(Instructions for the task): This calls for a verbatim copy of all the data, with no images carried over.

(Supplied material):

_ _ _ _

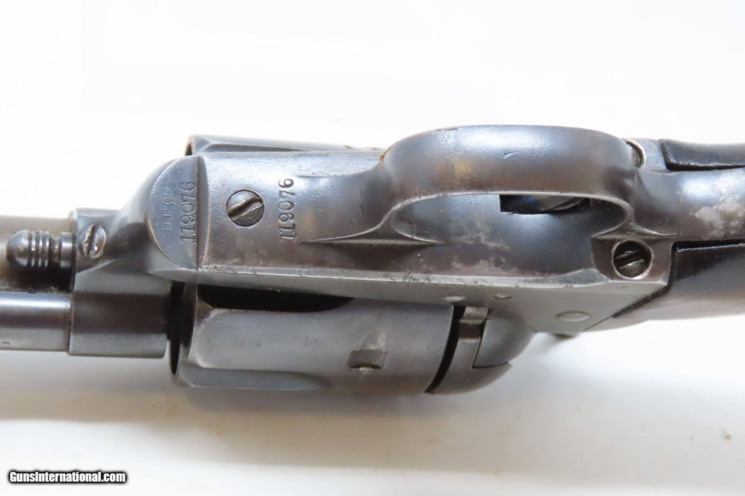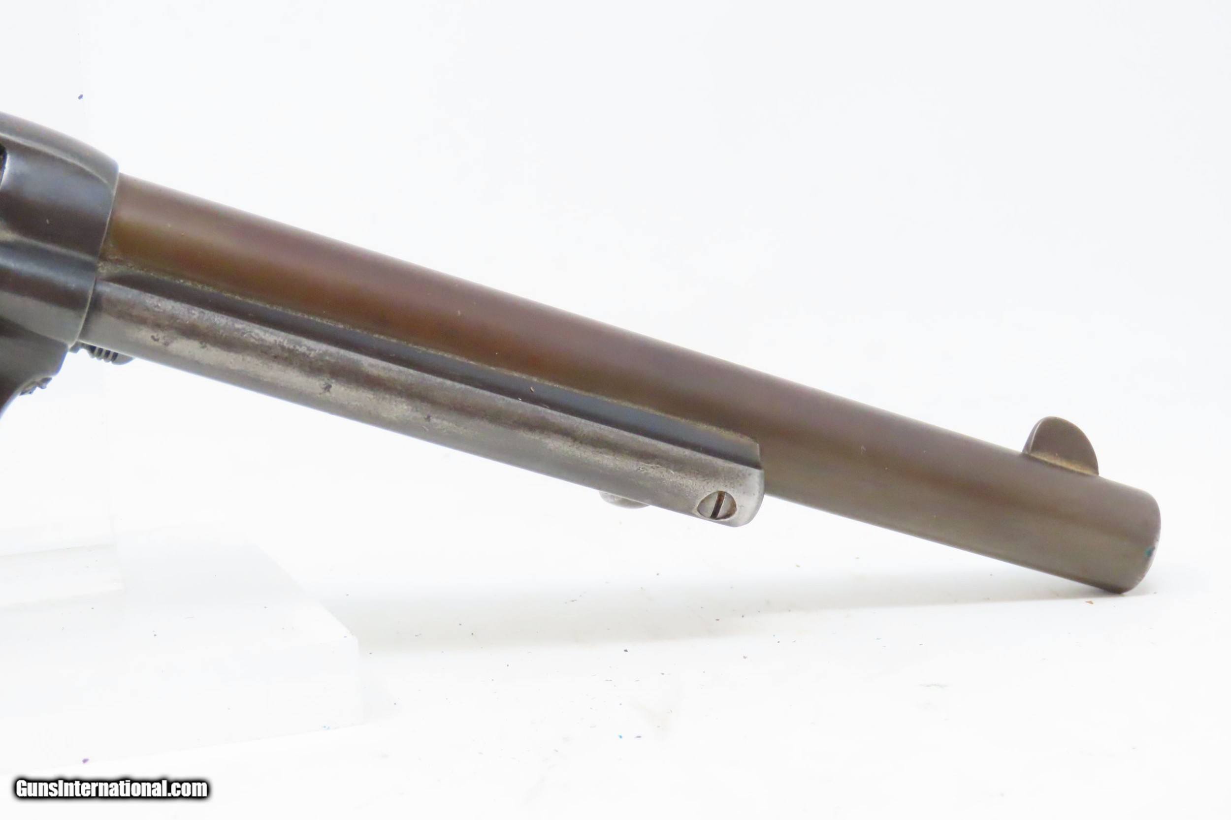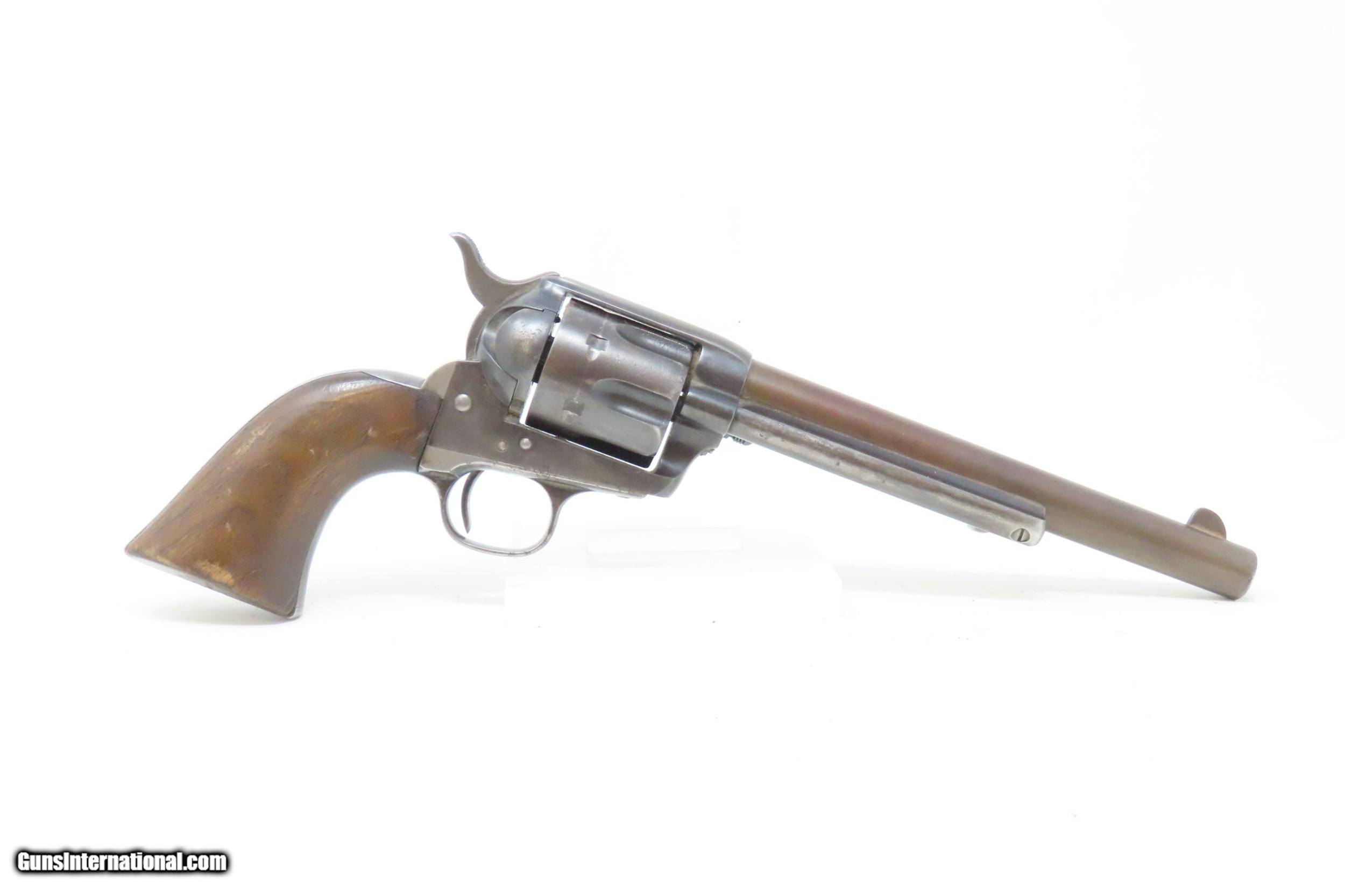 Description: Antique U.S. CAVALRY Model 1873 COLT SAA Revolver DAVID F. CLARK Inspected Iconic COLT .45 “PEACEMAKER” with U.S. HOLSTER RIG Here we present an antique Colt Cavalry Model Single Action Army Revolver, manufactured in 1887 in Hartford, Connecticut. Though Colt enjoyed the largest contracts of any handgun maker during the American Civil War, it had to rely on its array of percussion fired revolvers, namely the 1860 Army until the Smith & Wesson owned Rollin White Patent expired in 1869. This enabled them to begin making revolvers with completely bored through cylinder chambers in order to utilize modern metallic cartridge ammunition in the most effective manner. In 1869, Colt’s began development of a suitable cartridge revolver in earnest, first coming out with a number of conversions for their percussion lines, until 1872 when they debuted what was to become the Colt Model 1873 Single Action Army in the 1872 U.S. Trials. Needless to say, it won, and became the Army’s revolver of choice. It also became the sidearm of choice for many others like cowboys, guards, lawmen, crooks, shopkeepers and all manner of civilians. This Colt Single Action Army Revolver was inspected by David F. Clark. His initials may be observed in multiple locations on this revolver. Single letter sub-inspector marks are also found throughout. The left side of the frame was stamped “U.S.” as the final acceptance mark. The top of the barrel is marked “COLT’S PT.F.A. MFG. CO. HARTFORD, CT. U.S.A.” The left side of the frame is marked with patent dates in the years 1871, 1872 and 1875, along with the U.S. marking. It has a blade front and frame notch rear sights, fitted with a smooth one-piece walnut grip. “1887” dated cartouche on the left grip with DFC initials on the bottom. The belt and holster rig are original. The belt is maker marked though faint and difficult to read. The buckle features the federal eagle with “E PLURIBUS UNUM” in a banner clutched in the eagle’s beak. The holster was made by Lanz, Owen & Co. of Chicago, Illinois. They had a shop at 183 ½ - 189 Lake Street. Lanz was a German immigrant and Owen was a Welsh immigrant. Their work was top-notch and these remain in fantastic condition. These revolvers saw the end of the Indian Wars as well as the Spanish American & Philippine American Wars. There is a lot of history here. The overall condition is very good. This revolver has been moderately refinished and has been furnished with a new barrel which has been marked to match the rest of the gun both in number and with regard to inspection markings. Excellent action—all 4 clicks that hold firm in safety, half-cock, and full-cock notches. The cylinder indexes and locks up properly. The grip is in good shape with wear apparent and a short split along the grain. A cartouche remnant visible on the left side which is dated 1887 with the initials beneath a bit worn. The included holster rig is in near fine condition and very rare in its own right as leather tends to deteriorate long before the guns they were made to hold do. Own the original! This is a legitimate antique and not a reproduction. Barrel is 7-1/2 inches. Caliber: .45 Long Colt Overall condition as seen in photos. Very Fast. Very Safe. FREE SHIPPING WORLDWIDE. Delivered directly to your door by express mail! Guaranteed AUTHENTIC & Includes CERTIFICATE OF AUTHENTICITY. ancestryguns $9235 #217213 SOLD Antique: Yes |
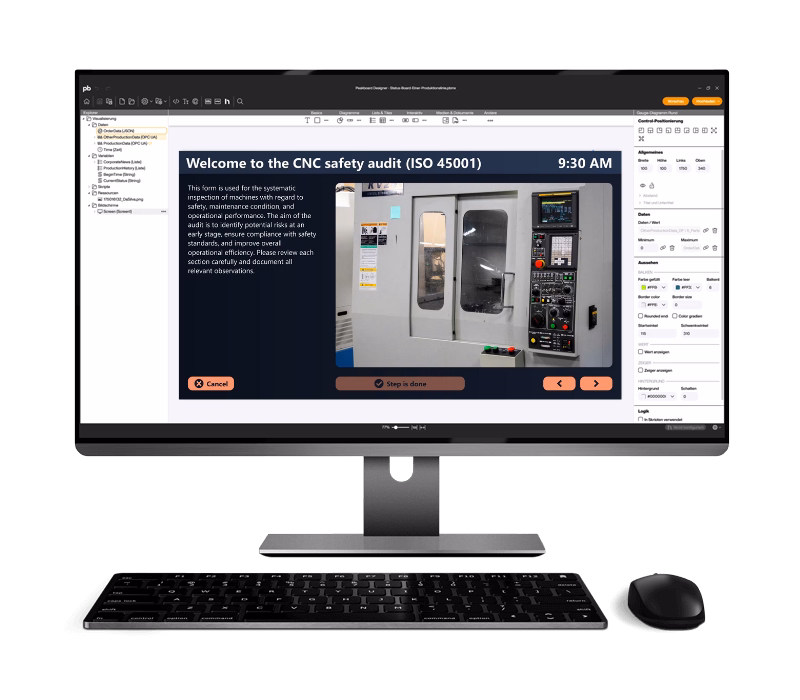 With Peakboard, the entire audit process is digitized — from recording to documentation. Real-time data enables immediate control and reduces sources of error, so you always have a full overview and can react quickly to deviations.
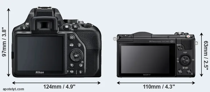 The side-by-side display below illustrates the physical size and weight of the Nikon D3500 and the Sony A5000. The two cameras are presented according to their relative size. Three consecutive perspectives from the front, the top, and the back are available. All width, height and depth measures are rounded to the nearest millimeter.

_ _ _ _

(Output below):
 Description: Antique U.S. CAVALRY Model 1873 COLT SAA Revolver DAVID F. CLARK Inspected Iconic COLT .45 “PEACEMAKER” with U.S. HOLSTER RIG Here we present an antique Colt Cavalry Model Single Action Army Revolver, manufactured in 1887 in Hartford, Connecticut. Though Colt enjoyed the largest contracts of any handgun maker during the American Civil War, it had to rely on its array of percussion fired revolvers, namely the 1860 Army until the Smith & Wesson owned Rollin White Patent expired in 1869. This enabled them to begin making revolvers with completely bored through cylinder chambers in order to utilize modern metallic cartridge ammunition in the most effective manner. In 1869, Colt’s began development of a suitable cartridge revolver in earnest, first coming out with a number of conversions for their percussion lines, until 1872 when they debuted what was to become the Colt Model 1873 Single Action Army in the 1872 U.S. Trials. Needless to say, it won, and became the Army’s revolver of choice. It also became the sidearm of choice for many others like cowboys, guards, lawmen, crooks, shopkeepers and all manner of civilians. This Colt Single Action Army Revolver was inspected by David F. Clark. His initials may be observed in multiple locations on this revolver. Single letter sub-inspector marks are also found throughout. The left side of the frame was stamped “U.S.” as the final acceptance mark. The top of the barrel is marked “COLT’S PT.F.A. MFG. CO. HARTFORD, CT. U.S.A.” The left side of the frame is marked with patent dates in the years 1871, 1872 and 1875, along with the U.S. marking. It has a blade front and frame notch rear sights, fitted with a smooth one-piece walnut grip. “1887” dated cartouche on the left grip with DFC initials on the bottom. The belt and holster rig are original. The belt is maker marked though faint and difficult to read. The buckle features the federal eagle with “E PLURIBUS UNUM” in a banner clutched in the eagle’s beak. The holster was made by Lanz, Owen & Co. of Chicago, Illinois. They had a shop at 183 ½ - 189 Lake Street. Lanz was a German immigrant and Owen was a Welsh immigrant. Their work was top-notch and these remain in fantastic condition. These revolvers saw the end of the Indian Wars as well as the Spanish American & Philippine American Wars. There is a lot of history here. The overall condition is very good. This revolver has been moderately refinished and has been furnished with a new barrel which has been marked to match the rest of the gun both in number and with regard to inspection markings. Excellent action—all 4 clicks that hold firm in safety, half-cock, and full-cock notches. The cylinder indexes and locks up properly. The grip is in good shape with wear apparent and a short split along the grain. A cartouche remnant visible on the left side which is dated 1887 with the initials beneath a bit worn. The included holster rig is in near fine condition and very rare in its own right as leather tends to deteriorate long before the guns they were made to hold do. Own the original! This is a legitimate antique and not a reproduction. Barrel is 7-1/2 inches. Caliber: .45 Long Colt Overall condition as seen in photos. Very Fast. Very Safe. FREE SHIPPING WORLDWIDE. Delivered directly to your door by express mail! Guaranteed AUTHENTIC & Includes CERTIFICATE OF AUTHENTICITY. ancestryguns $9235 #217213 SOLD Antique: Yes |
 With Peakboard, the entire audit process is digitized — from recording to documentation. Real-time data enables immediate control and reduces sources of error, so you always have a full overview and can react quickly to deviations.
 The side-by-side display below illustrates the physical size and weight of the Nikon D3500 and the Sony A5000. The two cameras are presented according to their relative size. Three consecutive perspectives from the front, the top, and the back are available. All width, height and depth measures are rounded to the nearest millimeter.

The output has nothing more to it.